Problem statement:
Retype each line of the material below word for word; pictures stay out.

[Start of section]

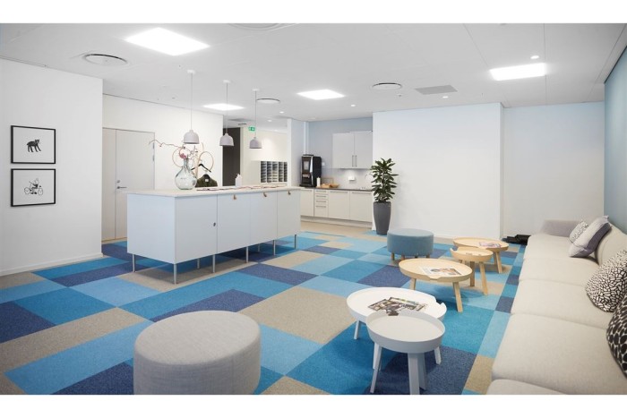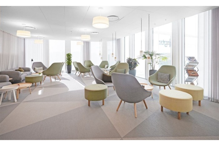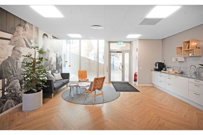 Rikligt med ljusinsläpp med stora fönster. Blandad planlösning med mycket öppenhet. Välkomnande, representativ entré längst Evenemangsgatan med rymd och takhöjd som imponerar, här finns gott om loungeyta. Material och inredning är valt med omsorg och får en att trivas!
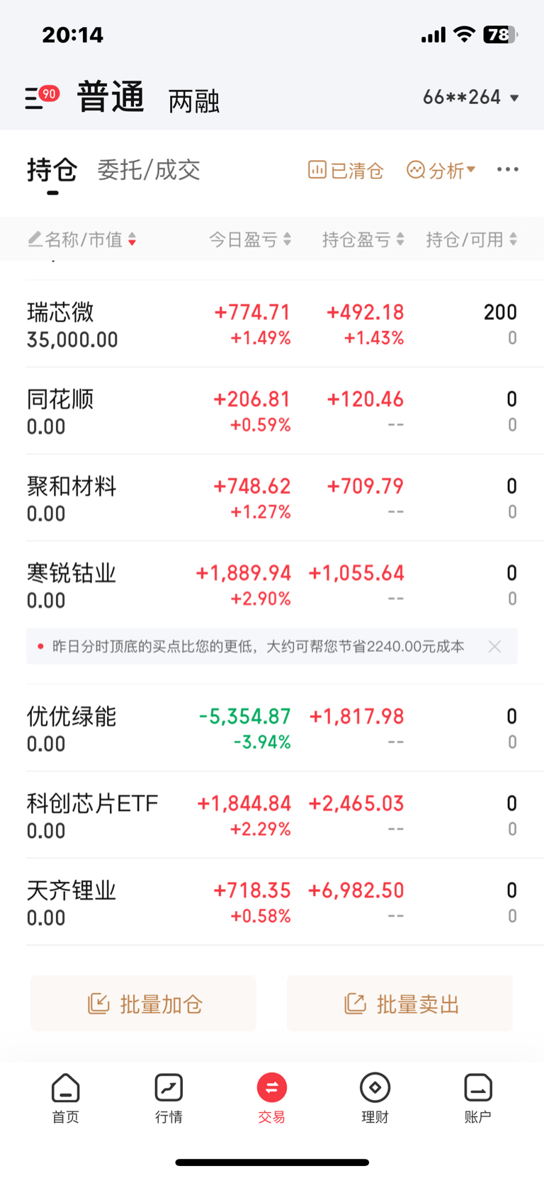 下面是今天的持仓
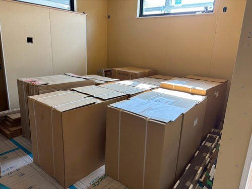 現場監督の松谷監督が、大切なお客様の荷物を自分の手で荷受けし、丁寧に現場へと搬入を行いました。その段ボールには、松谷監督の「絶対に傷つけさせない」という強い意志が感じられます(笑)
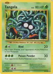 Bind and Poison Powder are both moves in the Pokémon games that Tangela can learn. This card's Pokédex entry comes from Pokémon Red and Green, and Pokémon FireRed. This card is based on Base Set Tangela.
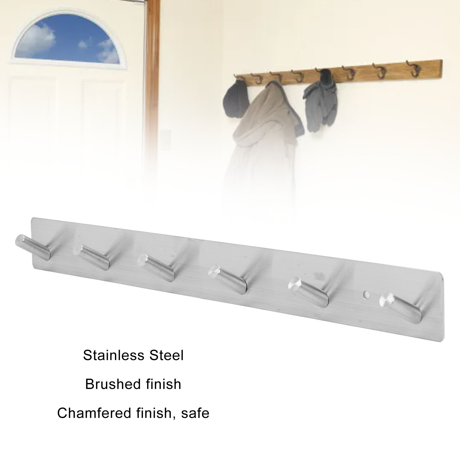 Coat Hook Rack Wall Mount Drilling Dual Use 6 Hook 304 Stainless Steel Strong Load Bearing Multifunctional Bathroom Towel Hook Rack for Bathroom Bedroom
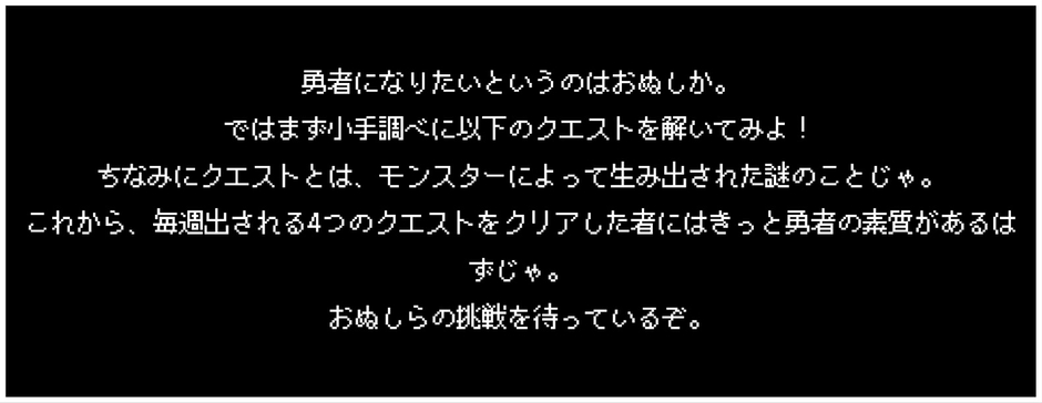 配布物に書かれた二次元コードを読み取ると、そこには謎(クエスト)が出現中! 突如出現したクエストは、一体何なのか。新作イベントとどう関係しているのか。謎は深まるばかり…。
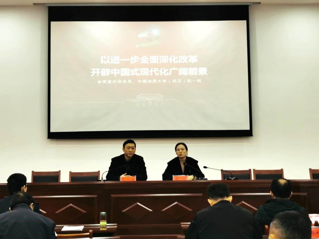 在英山县卫健局,学习贯彻党的二十届三中全会精神武汉青年宣讲团成员曹阳副教授以“新征程上进一步全面深化改革的行动纲领——党的二十届三中全会精神解读”为题,从进一步全面深化改革的重大意义、总目标、主要内容等方面详细解读了党的二十届三中全会精神的各项决策部署。他强调,全面深化改革需要明确目标、突出重点、注重实效。此次报告站位高,理念新,具有很强的针对性、指导性和可操作性。英山县卫健局领导班子成员,县直医疗卫生单位党政负责人,各乡镇分院分管党建领导,民营医院主要负责同志以及局机关和疾控中心(卫生监督所)干部职工聆听了宣讲,并纷纷表示要进一步增强政治责任感、历史使命感坚定拥护改革、踊跃投身改革。
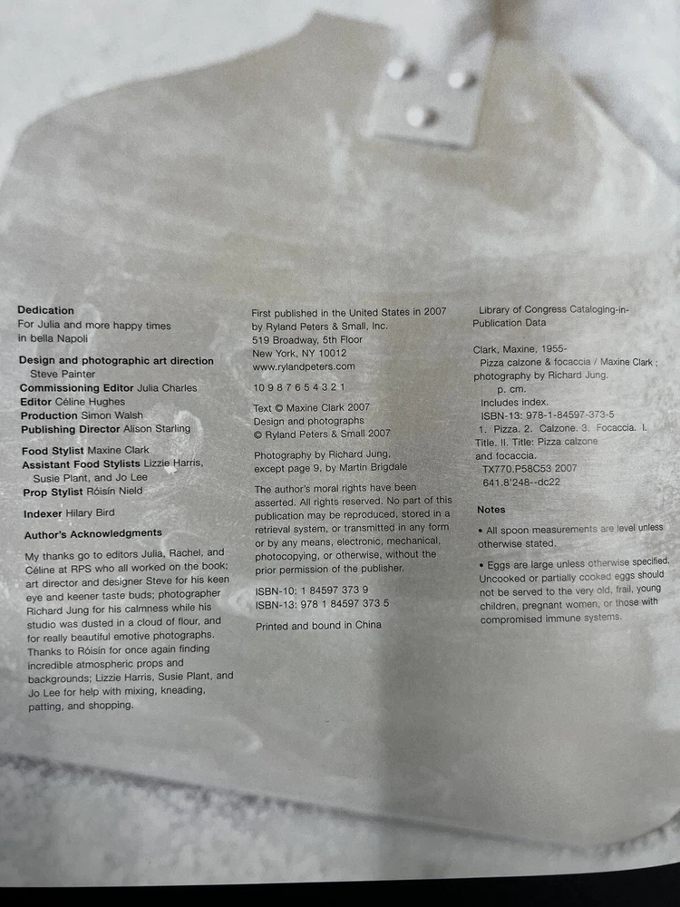Item Weight: 28.9 Oz Publication Year: 2007 Number of Pages: 144 Pages Item Height: 10 in ISBN: 9781845973735 Illustrator: Richard Jung Type: Cookbook Item Width: 0.5 in Signed: No Book Title: Pizza : Calzone and Focaccia Publisher: Ryland Peters & Small gtin13: 9781845973735 Genre: Cookbooks, Food & Drink, Cooking Narrative Type: Nonfiction Country/Region of Manufacture: China Item Length: 9 in Language: English Book Series: N/A Author: Maxine Clark Topic: Cooking, Regional & Ethnic / Italian, Courses & Dishes / Pizza, Pizza Recipes Format: Hardcover Vintage: Yes Features: Dust Jacket, Illustrated Original Language: English Intended Audience: Young Adults, Adults
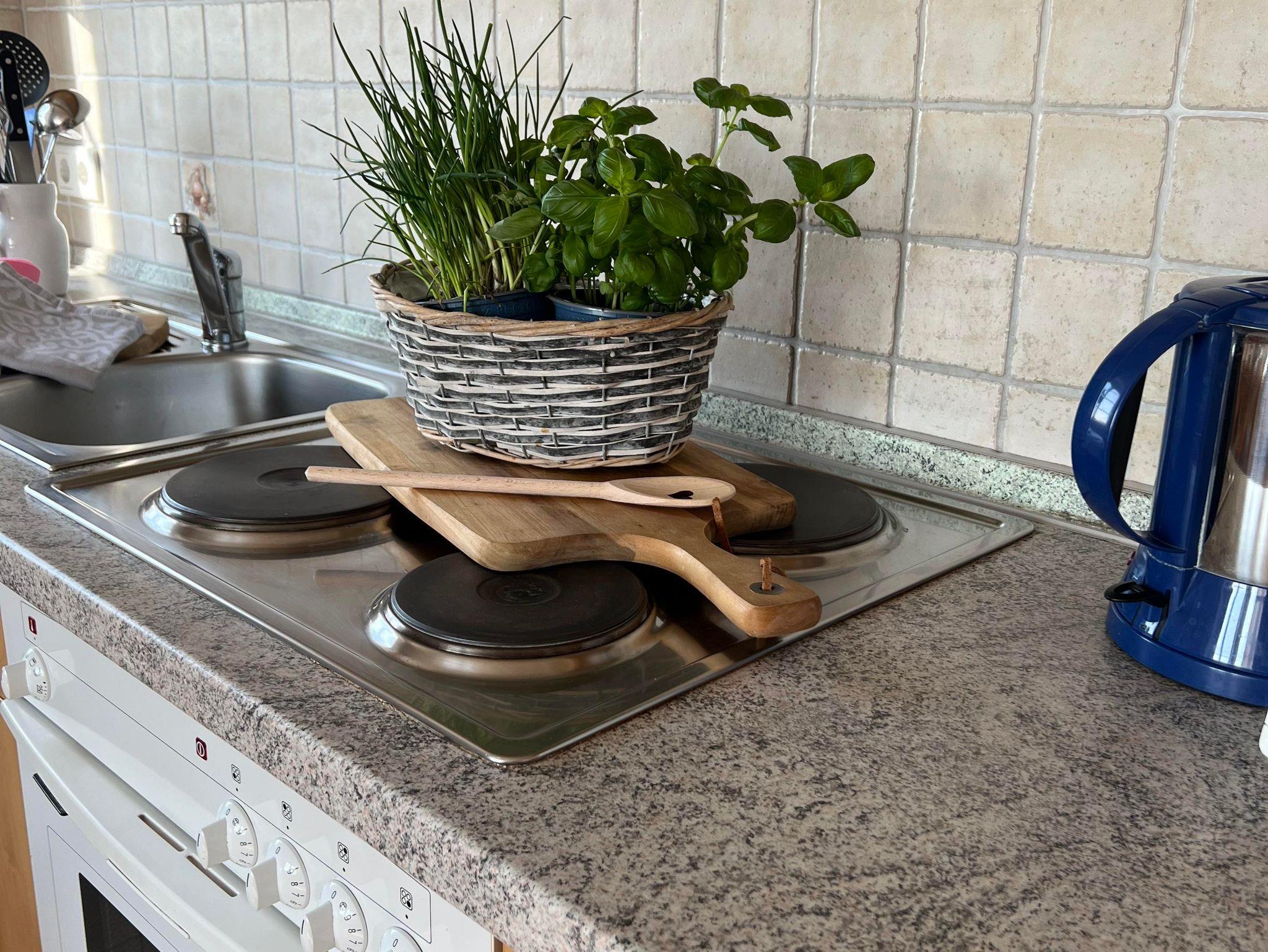 Für den kulinarischen Genuss sorgt eine Einbauküche mit Geschirrspüler und einer Mikrowelle.
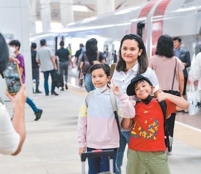 硬聯通雅萬高鐵是我國在境外完成全過程勘察設計建設的首個高鐵項目,于去年10月17日正式開通運營,是中印尼共建“一帶一路”合作的典范。圖為乘客在和雅萬高鐵動車組合影留念。新華社記者 徐 欽攝

[End of section]

Result of the task:
 Rikligt med ljusinsläpp med stora fönster. Blandad planlösning med mycket öppenhet. Välkomnande, representativ entré längst Evenemangsgatan med rymd och takhöjd som imponerar, här finns gott om loungeyta. Material och inredning är valt med omsorg och får en att trivas!
 下面是今天的持仓
 現場監督の松谷監督が、大切なお客様の荷物を自分の手で荷受けし、丁寧に現場へと搬入を行いました。その段ボールには、松谷監督の「絶対に傷つけさせない」という強い意志が感じられます(笑)
 Bind and Poison Powder are both moves in the Pokémon games that Tangela can learn. This card's Pokédex entry comes from Pokémon Red and Green, and Pokémon FireRed. This card is based on Base Set Tangela.
 Coat Hook Rack Wall Mount Drilling Dual Use 6 Hook 304 Stainless Steel Strong Load Bearing Multifunctional Bathroom Towel Hook Rack for Bathroom Bedroom
 配布物に書かれた二次元コードを読み取ると、そこには謎(クエスト)が出現中! 突如出現したクエストは、一体何なのか。新作イベントとどう関係しているのか。謎は深まるばかり…。
 在英山县卫健局,学习贯彻党的二十届三中全会精神武汉青年宣讲团成员曹阳副教授以“新征程上进一步全面深化改革的行动纲领——党的二十届三中全会精神解读”为题,从进一步全面深化改革的重大意义、总目标、主要内容等方面详细解读了党的二十届三中全会精神的各项决策部署。他强调,全面深化改革需要明确目标、突出重点、注重实效。此次报告站位高,理念新,具有很强的针对性、指导性和可操作性。英山县卫健局领导班子成员,县直医疗卫生单位党政负责人,各乡镇分院分管党建领导,民营医院主要负责同志以及局机关和疾控中心(卫生监督所)干部职工聆听了宣讲,并纷纷表示要进一步增强政治责任感、历史使命感坚定拥护改革、踊跃投身改革。
Item Weight: 28.9 Oz Publication Year: 2007 Number of Pages: 144 Pages Item Height: 10 in ISBN: 9781845973735 Illustrator: Richard Jung Type: Cookbook Item Width: 0.5 in Signed: No Book Title: Pizza : Calzone and Focaccia Publisher: Ryland Peters & Small gtin13: 9781845973735 Genre: Cookbooks, Food & Drink, Cooking Narrative Type: Nonfiction Country/Region of Manufacture: China Item Length: 9 in Language: English Book Series: N/A Author: Maxine Clark Topic: Cooking, Regional & Ethnic / Italian, Courses & Dishes / Pizza, Pizza Recipes Format: Hardcover Vintage: Yes Features: Dust Jacket, Illustrated Original Language: English Intended Audience: Young Adults, Adults
 Für den kulinarischen Genuss sorgt eine Einbauküche mit Geschirrspüler und einer Mikrowelle.
 硬聯通雅萬高鐵是我國在境外完成全過程勘察設計建設的首個高鐵項目,于去年10月17日正式開通運營,是中印尼共建“一帶一路”合作的典范。圖為乘客在和雅萬高鐵動車組合影留念。新華社記者 徐 欽攝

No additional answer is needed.